В Каменском ОВД наступил обеденный перерыв. А после обеда Ира Гречко собиралась знакомить с материалами дела одного из своих подследственных. После разговора с Сергеевым Катя не находила себе места. То и дело, словно глас трубы, звучала в ушах жуткая фраза: ..ее нанизали, как стрекозу на булавку... То, что Светлана Красильникова умерла, стало уже для Кати за эти дни фактом неизбежным и даже несколько обыденным. Но то, что она умерла вот так, такой дикой и страшной смертью...
— Катька, Господи, на тебе лица нет! — воскликнула Ира, когда подруга ее доплелась до кабинета следователей и плюхнулась там на стул. — Ты что так побледнела? Что тебе Сашка наговорил такого?
Катя слабо махнула рукой.
— А все оттого, что ты плохо ешь! — безапелляционно заявила Ира. — Что еще за пост себе выдумала? Травой какой-то питаться! Зачем тебе худеть? Ты и так нормальная.
— Если я не буду держать посты, я через месяц не буду пролезать в двери, — запротестовала Катя. — У меня такая конституция...
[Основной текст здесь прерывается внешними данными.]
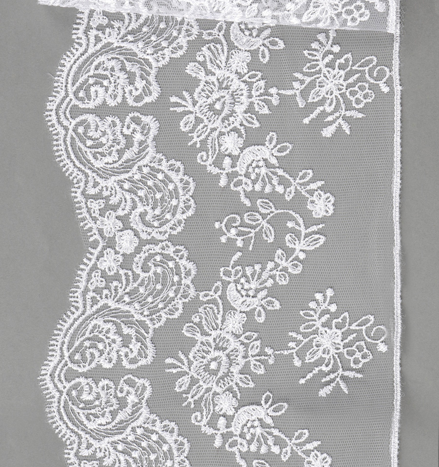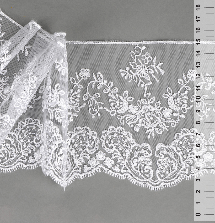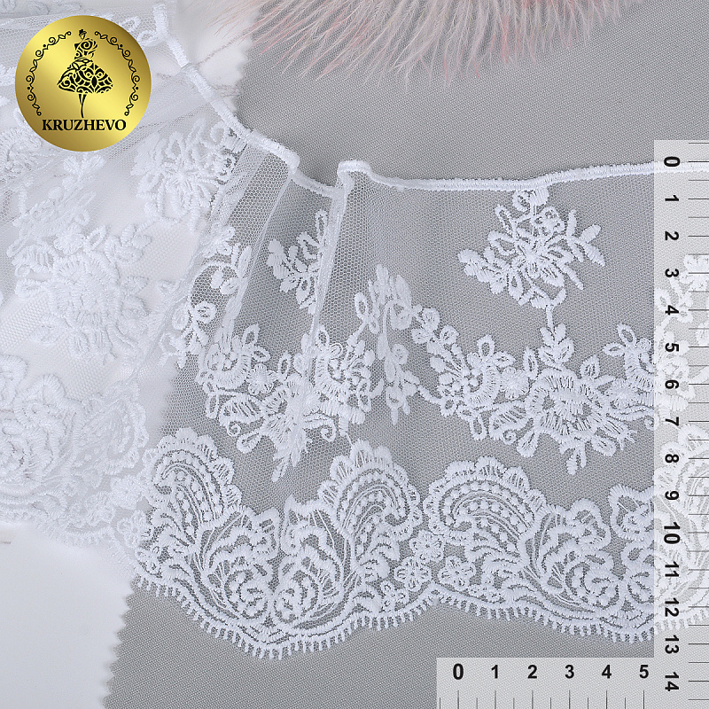 Кружево на сетке с шикарным ажурным орнаментом в стиле Блюмарин от бренда Kruzhevo! Изысканое и воздушное. Вещи, украшенные таким кружевом, становятся изящнее и элегантнее. Идеально подходит для одежды, постельного белья, балдахинов, наборов для крещения и на выписку. Отлично сочетается с сатином!

— Чушь — конституция! Дождешься голодного обморока. Сиди, отдыхай. Я сейчас все быстренько сделаю. — Ира оказалась великолепной хозяйкой. Спустя минуту пластмассовый чайник «Филипс» уже закипал, а на столе в фарфоровой мисочке появились чипсы, бутерброды с колбасой и сыром и лимон. — Это мой ценный подарок, — похвасталась Ира, указывая на чайник. — Начальство премировало к Новому году. Ну-ка ешь давай! Тебе чай покрепче? С лимоном?
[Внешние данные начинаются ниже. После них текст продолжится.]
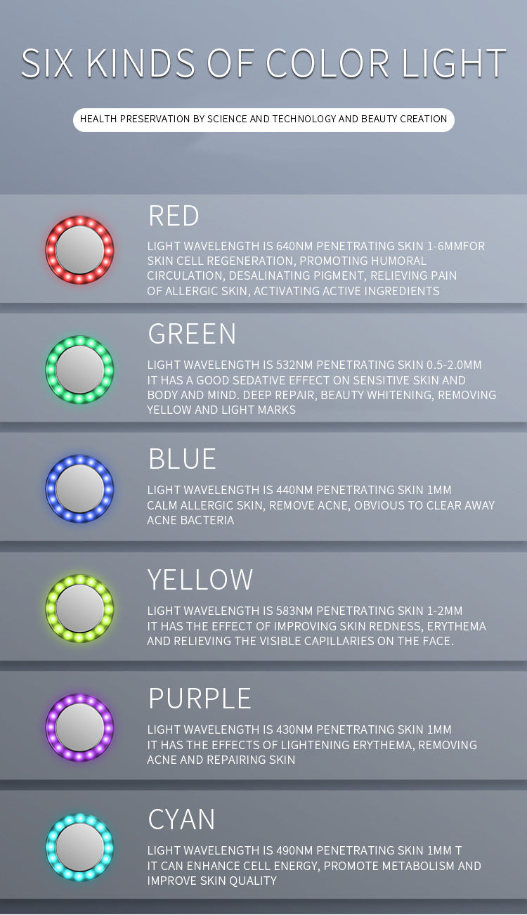 - Cyan (490nm): Penetrates skin 1mm. Can enhance cell energy, promote metabolism, and improve skin quality.

— С лимоном, — вздохнула Катя.
— Тебе надо отвлечься от Сашкиных сказок, — внушала Ира. — Я сейчас Ванечку Журавского жду. Мы с ним Голорукова с материалами дела будем знакомить. Предвкушаю цирк. Аида с нами.
— Это тот, что у тебя прошлый раз вены вскрыл? — спросила Катя.
Она вспомнила, как примерно два месяца назад Ира слезно жаловалась на то, что ей пришлось вытерпеть от этого самого Голорукова.
— Его любимая фраза, Катенька: «Баклан — не вор!» — рассказывала тогда Ира. — Баклан! Хулиган проклятый.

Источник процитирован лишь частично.